Re: [DISCUSS] KIP-315: Stream Join Sticky Assignor

Posted by "Matthias J. Sax" <ma...@confluent.io>.
Mike,

I am still not sure, why we need to add this assignor to the project.
Even after you pointed out that you cannot use Kafka Streams, the idea
of the consumer to make the `PartitionAssignor` interface public and
plugable is, that the project does not need to add strategies for all
kind of use cases, but that people can customize the assignors to their
needs.

My main question is: how generic is this use case (especially with Kafka
Streams offering joins out-of-the-box) and do we really need to add it?
So far, it seems ok to me, if you just write a custom assignor and plug
it into the consumer. I don't see a strong need to add it to the Kafka
code base. Basically, it breaks down to

- How many people use joins?
- How many people can or can't use Kafka Streams joins?
- To what extend can Kafka Streams be improved to increase the use-case
coverage?
- How many people would benefit? (ie, even with adding this assignor,
they might still be users who need to customize their own assignors
because their join-use-case is still different to yours.)

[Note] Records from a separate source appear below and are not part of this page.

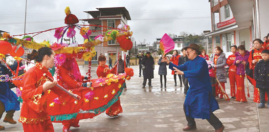 1月29日上午,伴随着领衔人唐朝科(右一)的吆喝和比划,达州市开江县甘棠镇转洞桥村村民活动中心上演了一场一年一度的民俗节目——踩龙船,穿红戴绿的队员们应声起舞。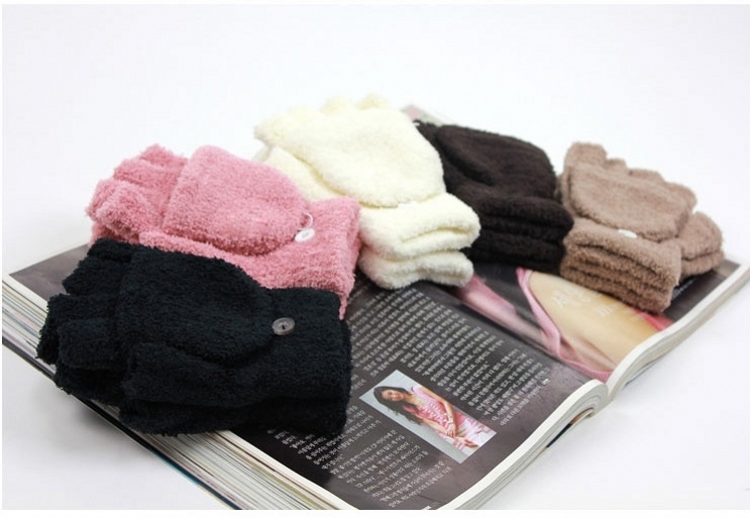 秋冬韓版軟綿綿露半指翻蓋兩用學生騎車全指保暖手套男女潮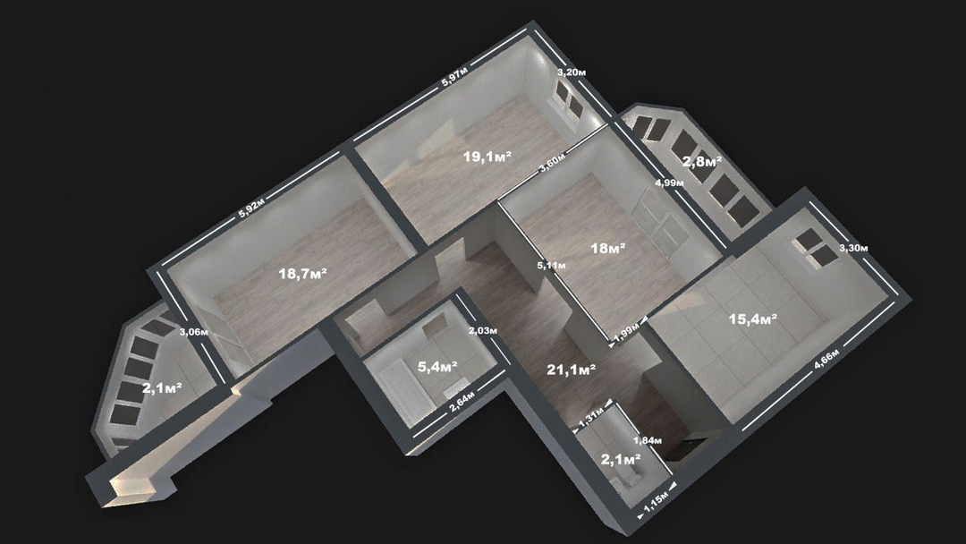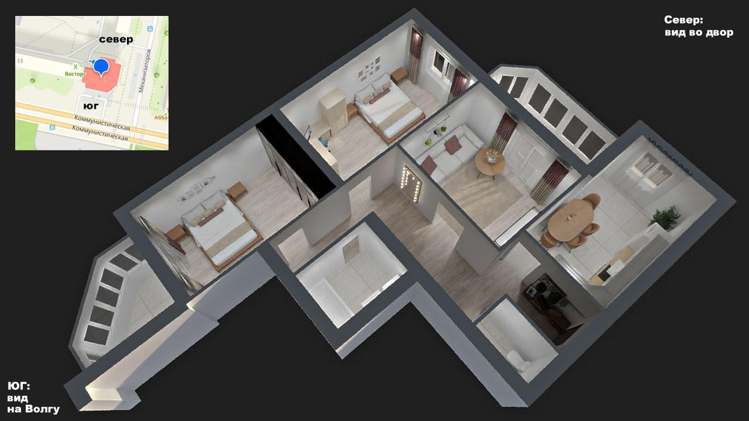 Мы сделали для вас ее в 3д формате. Убедитесь, что квартира имеет удобную конфигурацию, при этом существует множество вариантов ее еще более комфортного перепланирования за счет наличия не несущих стен.

Also note, that in Kafka Streams you could still provide a custom state
store implementation (with or without using a compacted changelog) and a
`Processor` or `Transformer` to implement a custom join. Even if this
might not work for your specific case, it might work for many other
people who want to customer a join instead of using Kafka Streams'
out-of-the-box join.


Can you elaborate why you think it needs to be part of Kafka directly?


One last question:

> - Our state has a high eviction rate, so kafka compacted topics are not ideal for storing the changelog. The compaction cannot keep up and the topic will be majority tombstones when it is read on partition reassignment. We are using a KV store the "change log" instead.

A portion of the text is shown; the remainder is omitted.